The basics are laid out in this book, which is geared toward working with "explosive children" -- but which provides tools that I think work with just about anyone (I've tried this with adults and it works quite well). Other information is available at the CPS website.

As a youth worker who has spent time with many difficult children, I highly recommend this tool for anyone with kids or working with kids. It provides a really useful perspective for interacting with youth and with people in general.
posted by cubby at 11:39 AM on September 10, 2010 [7 favorites]

Nthing the "I'm sorry, I can't understand your voice when you talk like that" idea. Worked perfectly with my kid.

From the pedant department: you CAN understand her. If you say you can't, you're lying.

Sorry, I was a very literal-minded kid, and I'm a pretty literal-minded grownup. Your kid may be fine with you talking that way, but this was exactly the sort of wording that made me mistrust many grownups. I KNEW it was bullshit. I knew that they were lying to me. Of COURSE they could understand me. I got so obsessed with the wording, I didn't hear the "don't whine" message. And I still don't get why people have the desire to talk this way to kids when they could just as easily say something like...

"I'm sorry, I don't respond to people when they talk like that"?
posted by grumblebee at 1:54 PM on September 10, 2010 [2 favorites]

This may sound terrible, but it worked on me: make fun of her whining. No, seriously -- my mother was very kind and took everything I said seriously when I was little, but I did have a whining problem as an older child. I remember that when she would say lightly, "Oh, honey, come on, do you hear what you sound like? Mwaa waaa WAAAaaa -- !" I would start laughing, and quiet down.
posted by Countess Elena at 3:16 PM on September 10, 2010

I heard a great one from my camp director I have been trying out on BabyHotBot to try and cut out the whining.

Me: hey kid, would you please do X?
kid: *doesnt do X*

Me: kid! Do X!
kid: *doesnt do X*

Me: I've asked you once and I've told you once, next time there are going to be consequences.
kid: p= 0.9 *does X*
p=0.1 *doesn't do X and gets consequences*
posted by shothotbot at 9:25 PM on September 10, 2010

Hey guys, thanks for all the great feedback, books & ideas. Have been to the library.
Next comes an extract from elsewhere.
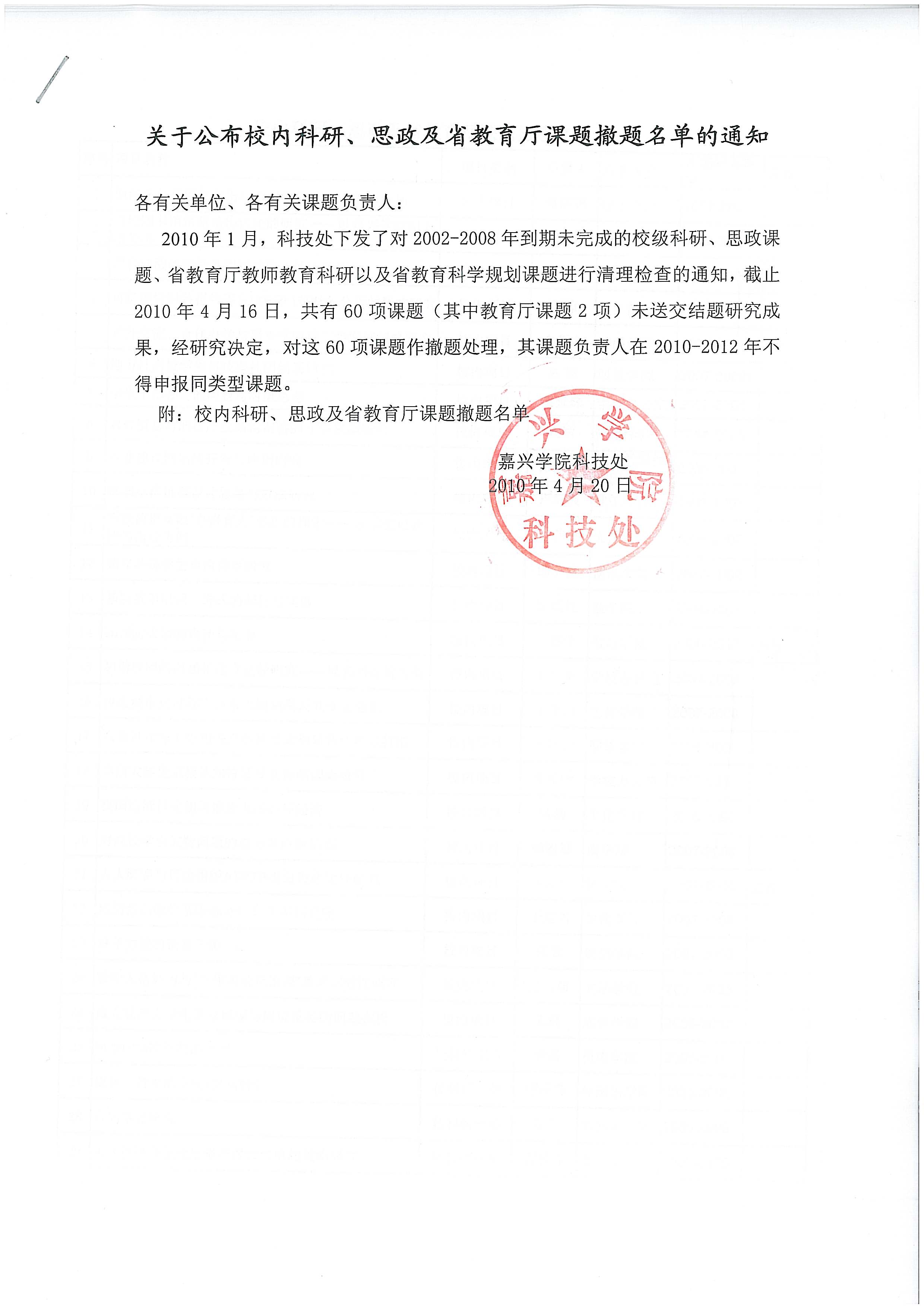 20101月,科技处下发了对2002-2008年到期未完成的校级科研、思政课题、省教育厅教师教育科研以及省教育科学规划课题进行清理检查的通知,截止2010年4月16日,共有60项课题(其中教育厅课题2项)未送交结题研究成果,经研究决定,对这60项课题作撤题处理,其课题负责人在2010-2012年不得申报同类型课题。

So far, though, the number one thing I've gotten from all this is that consistency is something I need to work on. I also changed the phrasing: Instead of saying "Ask Nicely" or "No whining," I'm saying "Use your Big Girl voice" and "You're using your Ugly voice." For some reason, this seems to make a lot of difference --or maybe it's just my increased commitment to stopping the behavior? Not sure. But I thought y'all might like to know that you've helped. Really loved the bear idea: We had some fun with that the other day.